Mumsnet has not checked the qualifications of anyone posting here. If you need help urgently or expert advice, please see our domestic violence webguide and/or relationships webguide. Many Mumsnetters experiencing domestic abuse have found this thread helpful: Listen up, everybody

I feel guilty even though nothing happened

5 replies

makingdoo · 25/02/2013 18:14

I've name changed. I was away with work colleagues st the weekend and we went out for a few drinks. One of my colleagues is younger than me, tall, slim and stunning. A real head turner. I'm fairly attractive but not a head turner. Anyway -

In a bar and this good looking lad comes over to talk to us. I immediately assumed he was interested in my friend. Turns out he wasn't, he wanted to talk to me.

He was lovely. Really witty, chatty and handsome. I really enjoyed his company and he happily chatted with me and my friends for most if the night.

I made it clear I am married and he accepted that. Still stayed to talk and I admit I was extremely flattered and flirted with him.

If he had made a move I'd probably would've run a mile. But in my mind I was imagining what it would be like to be with him. I've thought about him a lot since then. I haven't mentioned it to DH.

I just feel really guilty for allowing myself to fantasise in my head about a total stranger. I love my DH and wouldn't cheat on him and wouldn't hurt him.

It's left me very confused.

OP posts:
Lavenderhoney · 25/02/2013 19:14

You had a nice night, got chatted up, very sensibly did nothing. He knows you are married but he can still talk to you and enjoy your company.

No good will come of this if you take it anywhere, ie flirting in the office. Are you bored at home?

ParsleyTheLioness · 25/02/2013 19:14

All I will say is, you are married, not dead! Stop beating yourself up.

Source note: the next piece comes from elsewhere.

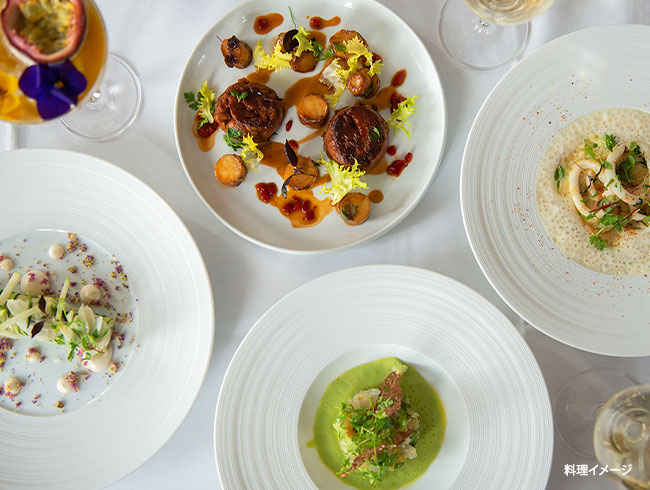 【メニュー 一例】 ※25年10月現在 前菜: 鴨のフォワグラの AOC ワインのピノー・デ・シャラント風味 メイン: スズキのフィレの、根セロリローストのクリーム添え デザート: バニラ風味のミルフィーユ お飲み物: ワイングラス1杯、ミネラルウォーター、コーヒーまたは紅茶 |

AnyFucker · 25/02/2013 19:17

Get over it, love, really

Being married doesn't mean your life is over

Just don't take it any further than one evening of flirty chat

Fgs,, don't start trying to convince yourself there is something wrong with your marriage

makingdoo · 25/02/2013 19:21

Thanks for the replies.

He was a random stranger not a work colleague.

I'm happy in my marriage although I think we've slipped into a pattern and could do with being more spontaneous!

I think I feel guilty because I've been thinking about him since Saturday night. Just fantasising in my mind what could have happened. But as you say I'm only human and know I'd never cheat.

OP posts:
ParsleyTheLioness · 25/02/2013 20:01

Thinking it = ok. Doing something about it with him = not ok!